I see many patterns for 18 inch dolls but I only work with 12 inch baby dolls. These are not Barbie-type dolls but chubby baby dolls. Is there a formula to convert or is this too much of a size change? These dolls (approx. 12,000) are dressed and distributed annually in the Detroit Goodfellow charity drives and most are sewn but I would like to knit a few outfits. I have 10 months to knit or crochet a few outfits if I can get them to fit. Thanks for your help.
With things like this, gauge is the most important part. On the original pattern, find out what the gauge measurements are. Measure the baby dolls that you are knitting for, then calculate how many stitches per inch and rows per inch that you would need. Make sure to read the original pattern thoroughly, and mark out where all the shaping elements would be. Plug in the appropriate numbers from your 12" baby measurements. Your modified garments are going to be narrower and shorter than the originals, which means you may need to try things a couple of times to make sure that the shaping happens in the right spots.

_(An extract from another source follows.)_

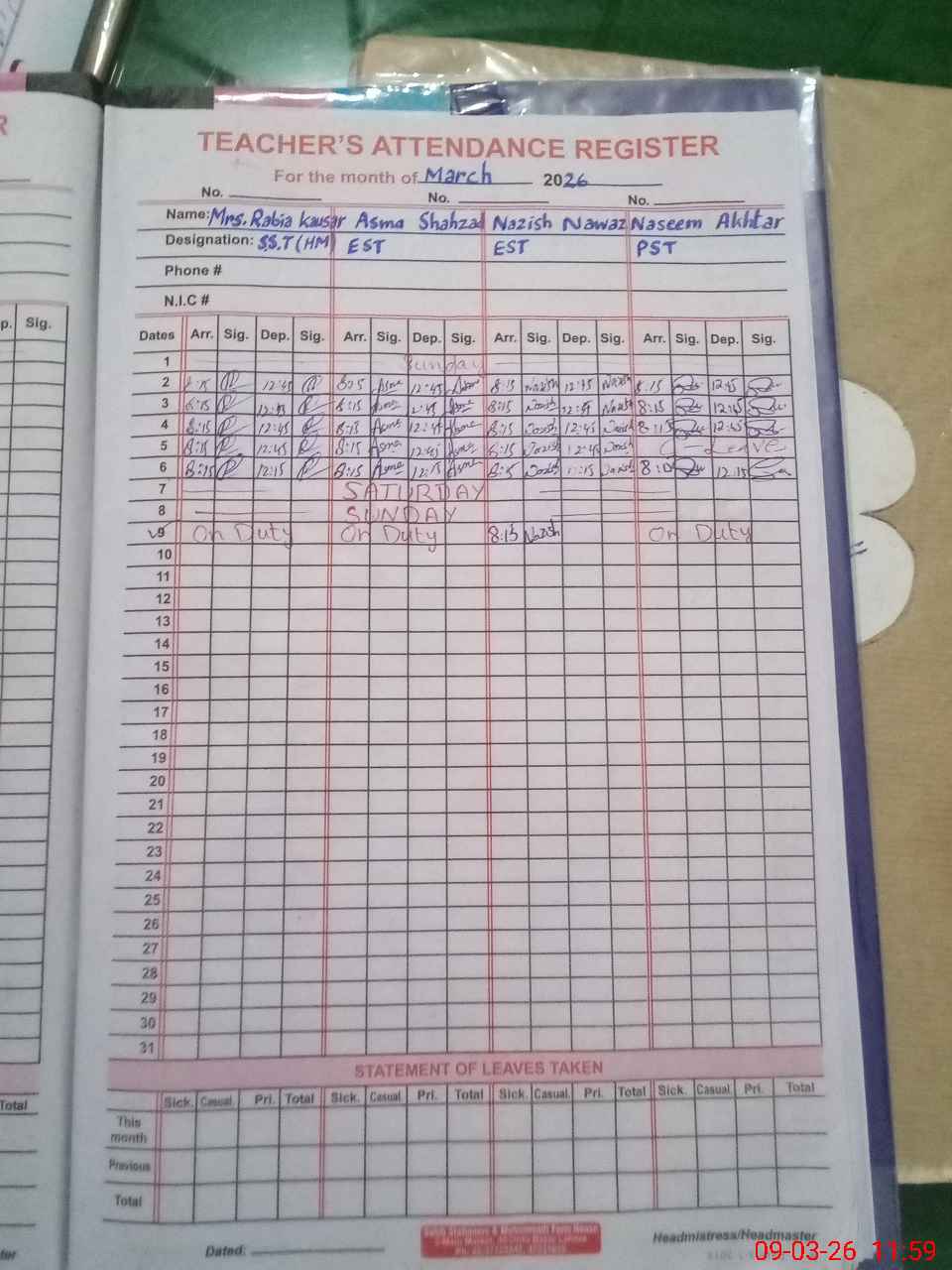 | Leave | Duty | Absent | Maternity | Medical | Ex- Pak |

The other option is that you could just go freestyle and design your own baby doll clothing! The freestyle is definitely more fun... :-) Good luck , and I hoped this helped/made sense. It works in my mind but putting it in words is harder! :-)

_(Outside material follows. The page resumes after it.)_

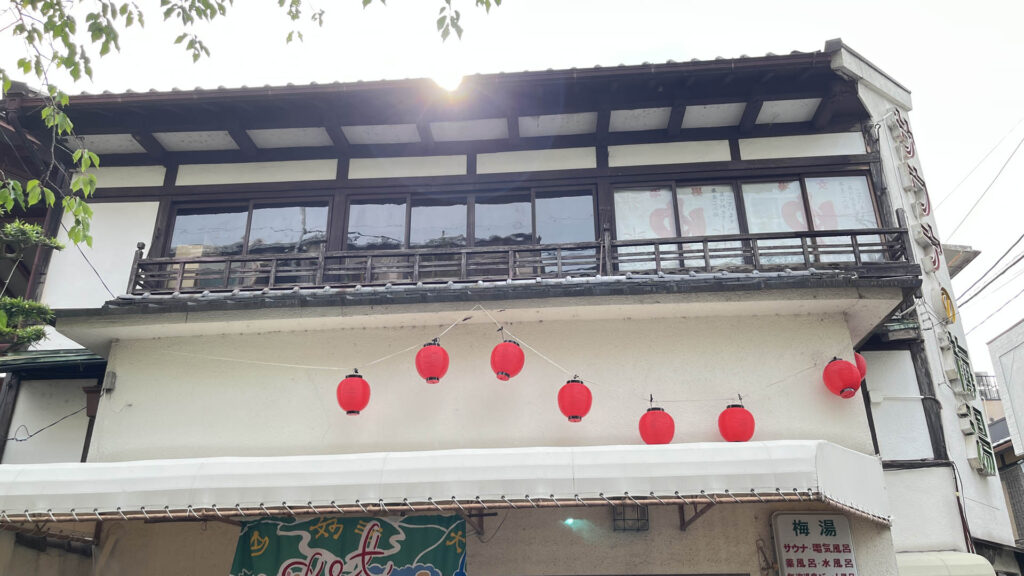 一際目を引くネオンが目印の「サウナの梅湯」。

At least this is more info than I've found anywhere else. Thank you so much and I will give it a try. I have done freestyle but only very basic, nothing like some of the beautiful patterns I've found, ie designs by Malfrid Gausel. And she doesn't design for less than 18 inch dolls. Thanks again.

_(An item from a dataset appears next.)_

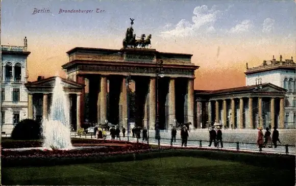 Ak Berlin Mitte, Brandenburger Tor, Springbrunnen, Passanten
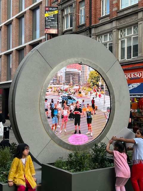 On the walk back to the hotel, we were surprised by the Dublin Portal. You can communicate in real time to New York. The younger crowd was into it!

To expand on the idea of adjusting the gauge, consider also knitting at a finer gauge. For instance, if the original pattern uses worsted (category 4) try using DK or sport weight (categories 3 and 2) or even sock/fingering weight (category 1).
Most of my doll clothing is for 16 or 12 inch fashion dolls and I adapt human patterns for them. I use mostly sock weight for adapting chunky knits and lace weight and threads for adapting worsted and finer patterns. I still end up having to reduce stitch counts but by knitting with a finer gauge I preserve some of the scale of the pattern and have more room for adjusting the fit.